_Exercise brief_
Your answer must be exactly the lines from the one containing "通过对蛋白质消化进行MS和MS / MS测量,可以确定蛋白质的鉴定。" through the end of the material, both ends included, without pictures.

-- Given data follows --

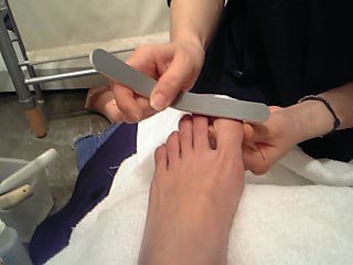続いて、ツメのお手入れ。担当してくれたのは、湯浅美保さんです。一本づつ丁寧にやすりで磨いたり、角質を取ったり、かかとのお手入れをしてくれます。
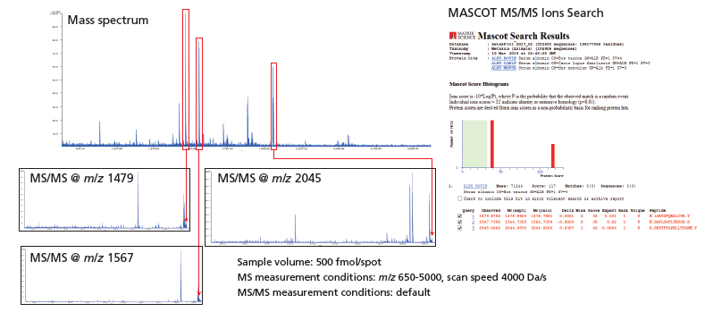 通过对蛋白质消化进行MS和MS / MS测量,可以确定蛋白质的鉴定。
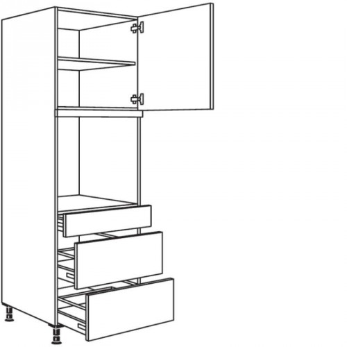Hochschrank für Geräte-Umbauten, Backofen 590 mm Nische, mit 2 Auszügen | 600 mm Breite | inkl. Türdämpfung | 1 Schubkasten | Korpus HxT 2016x561 mm | Sockelhöhe 70,100,150 oder 200 mm

-- Given data concluded --

_Your response_
 通过对蛋白质消化进行MS和MS / MS测量,可以确定蛋白质的鉴定。
Hochschrank für Geräte-Umbauten, Backofen 590 mm Nische, mit 2 Auszügen | 600 mm Breite | inkl. Türdämpfung | 1 Schubkasten | Korpus HxT 2016x561 mm | Sockelhöhe 70,100,150 oder 200 mm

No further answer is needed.